Wewenang penetapan kebijaksanaan ini berada di tangan Direktur Jenderal dan
Ketua/Pimpinan LPND. Selain kebijaksanaan yang mempunyai lingkup nasional,
terdapat kebijaksanaan yang mempunyai lingkup wilayah/daerah. Kebijaksanaan ini
ditetapkan oleh gubernur dan DPRD provinsi pada tingkat provinsi dan oleh bupati,
Walikota dan DPRD setempat untuk tingkat kabupaten dan kota. Kebijaksanaan ini dapat
berbentuk kebijaksanaan umum, kebijaksanaan pelaksanaan, dan kebijaksanaan teknis
lingkup wilayah/daerah. Undang-Undang Dasar sebagai dasar penyelenggaraan
pemberantasan korupsi di Indonesia adalah UUD 1945, khususnya pasal 5 dan pasal 20.
Sedangkan ketetapan majelis adalah Ketetapan MPR RI No.XI/MPR/1998, tentang
penyelenggara negara yang bersih dan bebas korupsi, kolusi, dan nepotisme. Peraturan
perundang-undangan yang berbentuk undang-undang adalah: 1) UU No. 8 Tahun 1981
tentang Hukum Acara Pidana, 2) Undang-Undang RI No. 28 tahun 1999 tentang
penyelenggaraan negara yang bersih dan bebas dari korupsi, kolusi dan nepotisme;
UndangUndang RI No. 31 tahun 1999 tentang Pemberantasan Tindak Pidana Korupsi;
dan Undang-Undang RI No. 20 tahun 2001, mengubah Undang-Undang RI No. 31 tahun
1999, tentang Pemberantasan Tindak Pidana Korupsi. Keputusan presiden tentang
pemberantasan korupsi berupa instruksi Presiden RI No. 5 tahun 2004 tentang Percepatan
Pemberantasan Korupsi. Instruksi ini ditujukan kepada para pejabat di lingkungan
pemerintahan dari menteri sampai tingkat bupati dan walikota. Seluruh peraturan
perundang-undangan yang telah disebutkan tadi, merupakan dasar, acuan, arahan,
petunjuk bagi pihak-pihak yang terkait dengan pemberantasan korupsi.

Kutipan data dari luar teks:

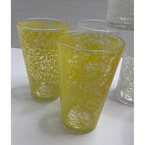7 Vintage 1960s Hazel Atlas 5" Spaghetti String Tumblers White Yellow Orange NEW
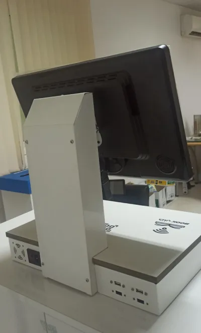 Une station de travail desktop équipée de lecteurs RFID UHF, RFID HF et code barres pour le traitement des livres dans les bureaux de la bibliothèque, la workstation desktop est un outil
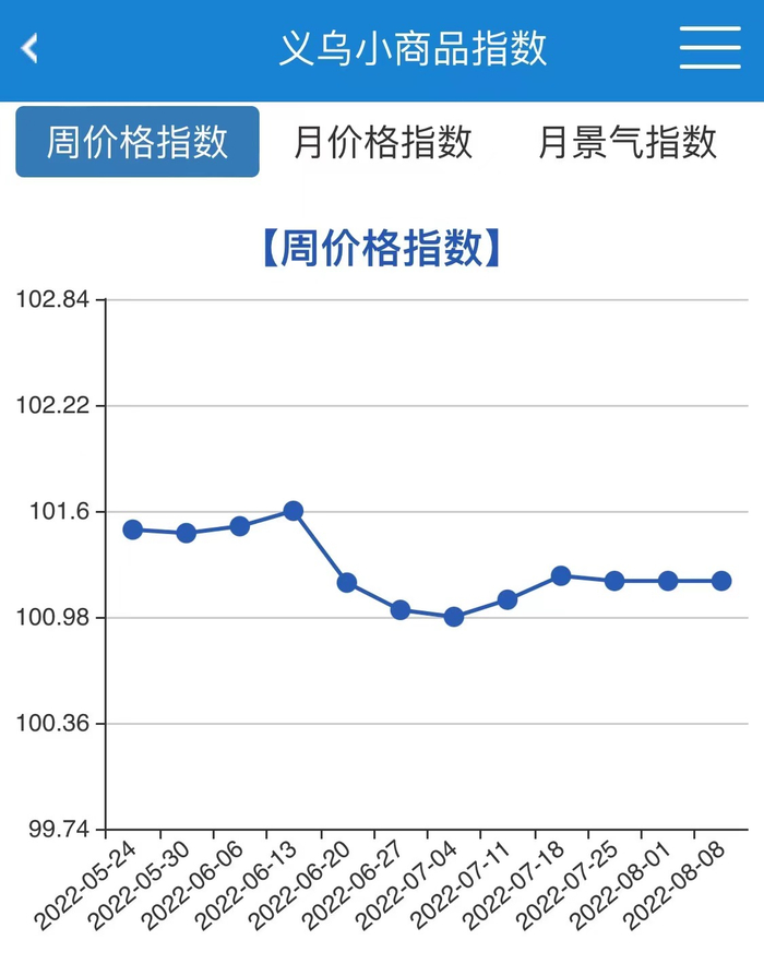 “8.2”疫情发生以来,义乌小商品价格指数受影响不大。(图片来源:义乌小商品指数)
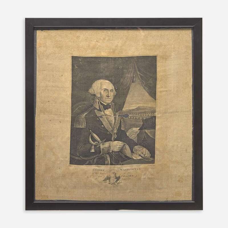 A rare stipple-engraved portrait of George Washington (1732-1799) on silk Engraved by John Galland (active 1796-1817) after Francis Bartoli (Italian, 1765-1796) and Gilbert Stuart (1755-1828), circa 1810
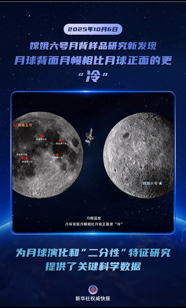 10月6日,時(shí)值中秋佳節(jié),國(guó)家航天局和國(guó)家原子能機(jī)構(gòu)聯(lián)合發(fā)布嫦娥六號(hào)月球背面樣品研究最新成果。我國(guó)科學(xué)家首次基于嫦娥六號(hào)月球背面樣品(月壤)研究發(fā)現(xiàn),月球背面月幔相比月球正面的更“冷”。
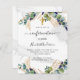 Impressão de mármore como fundo decorado com verde de eucalipto e folhas de ouro. Uma cruz ouro. Personalize e um nome e detalhes da cerimônia.
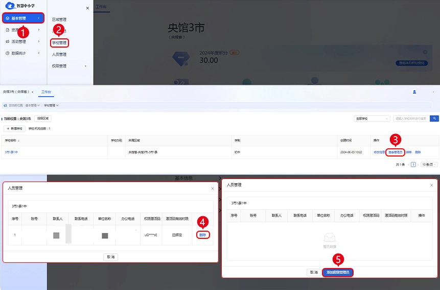2、若需更换校级超级管理员,您可联系上级区域管理员,由其通过【基本管理】-【学校管理】-【查看管理员】删除原超级管理员,随后通过【添加超级管理员】重新生成对应权限的激活码,并将该激活码发送给新管理员完成绑定操作。
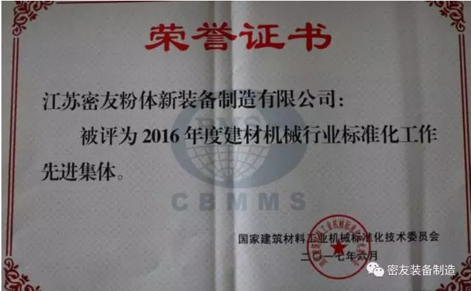 近日,江蘇密友粉體新裝備有限公司喜獲國家建筑材料工業機械標準化技術委員會頒發的 2016年度建材機械行業標準化工作先進集體”榮譽證書,以資鼓勵密友公司在推進產品標準化工作中取得的優異成績。
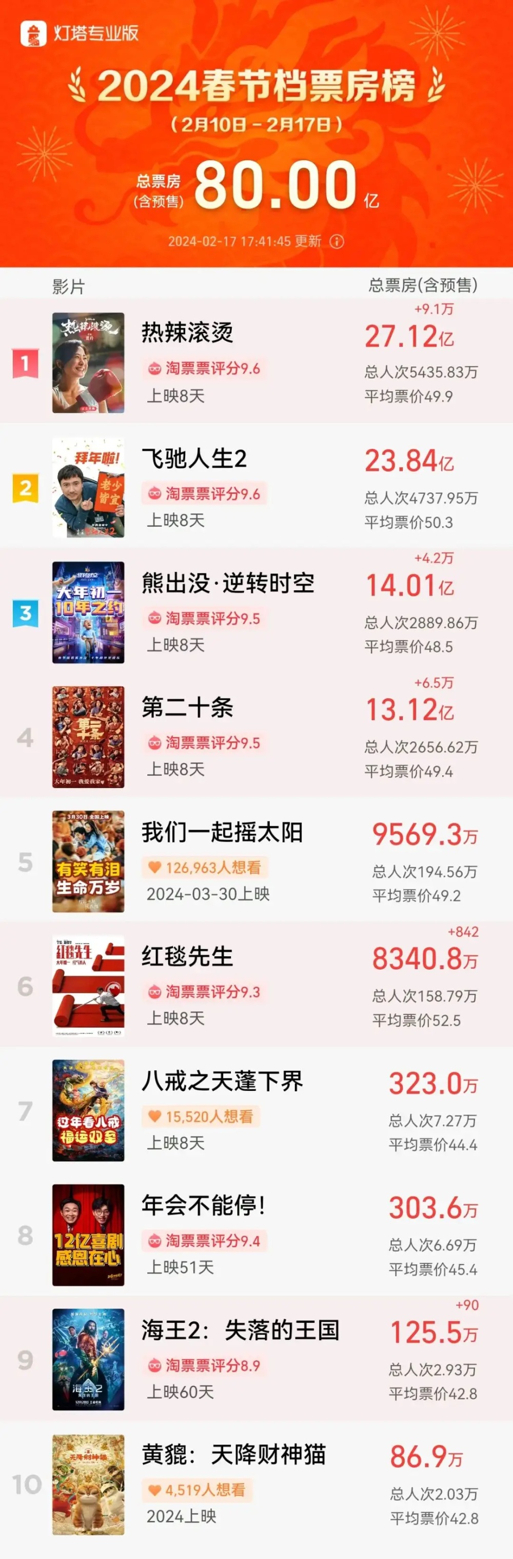 观影观演也成为这个春节假期消费大账单上的重要亮点。据灯塔专业版数据,截至2月17日下午,2024年春节档(2月10日—2月17日)档期总票房突破80亿,超过2021年春节档的78.43亿,打破中国影史春节档票房纪录。

b. Pengorganisasian (Organizing) Fungsi pengorganisasian meliputi penentuan dan


pembentukan wadah atau organisasi serta pengaturan hubungan antara wadah-wadah
tersebut. Prinsip organisasi yang penting adalah pembagian kerja, pendelegasian
wewenang dan koordinasi. Tujuan penerapan prinsip organisasi pada unit/lembaga
pemberantasan korupsi adalah tercapainya efisiensi dan efektivitas, sehingga mengurangi
terjadinya over-lapping dan duplication of work. Dalam lingkup negara, unit/lembaga/
organisasi pengawasan yang sangat erat dalam pemberantasan korupsi adalah lembaga
tinggi negara BPK, lembaga independen seperti KPK (Komisi Pemberantasan Korupsi);
unit/lembaga/ organisasi dalam lingkup pemerintah adalah BPKP (Badan Pemeriksa
Keuangan dan Pembangunan), Inspektur Jenderal Pembangunan (Irjebang), Inspektorat
Jenderal (Irjen) dari masing-masing departemen; dan pada lingkup daerah adalah
Badan/Kantor Pengawasan Daerah (Provinsi, Kabupaten, dan Kota). Lembaga dalam
lingkup pemerintah yang mempunyai kewenangan pemeriksaan, pengusutan, penyidikan
dan penuntutan adalah Kejaksaan Agung, dan Kepolisian Negara. Lembaga tinggi negara
yang mempunyai fungsi pengawasan adalah DPR. Pengawasan dilakukan terhadap
kinerja pemerintah yang mencakup tugas pemerintahan dan pembangunan. Adapun
kekuasaan kehakiman (yudikatif) dilakukan oleh Pengadilan Negeri untuk tingkat
kabupaten/kota, Pengadilan Tinggi (banding) pada tingkat provinsi dan Mahkamah
Agung (banding pada tingkat terakhir). Dengan banyaknya instansi/lembaga yang
menangani pengawasan, penyidikan, penuntutan, dan peradilan, maka ketiga prinsip
organisasi, yaitu pembagian tugas, delegasi wewenang dan koordinasi mutlak harus
dilakukan, untuk menghindari inefisiensi dan ketidakefektifan. Di dalam fungsi
pengorganisasian dijelaskan pula hubungan antara instansi/ lembaga yang menangani
pemberantasan korupsi. BPK misalnya, di dalam melakukan pemeriksaan, hasil
pemeriksaan harus disampaikan kepada DPR, Dewan Perwakilan Daerah (DPD), dan
DPRD. Kemudian tindak lanjutnya diserahkan kepada dewan dan pemerintah
bersangkutan untuk mengambil tindakan. Demikian juga aparat fungsional (pemerintah)
yaitu BPKP, hasil pemeriksaan BPKP diserahkan kepada instansi pemerintah yang
menjadi obyek pemeriksaan untuk dapat ditindaklanjuti. Tindak lanjut ini akan sangat
tergantung dari pimpinan instansi guna menjatuhkan tindakan atau hukuman sesuai
aturan perundang-undangan yang berlaku. Jika memungkinkan hasil pemeriksaan dapat
diteruskan pada pihak kepolisian dan kejaksaan untuk diproses lebih lanjut.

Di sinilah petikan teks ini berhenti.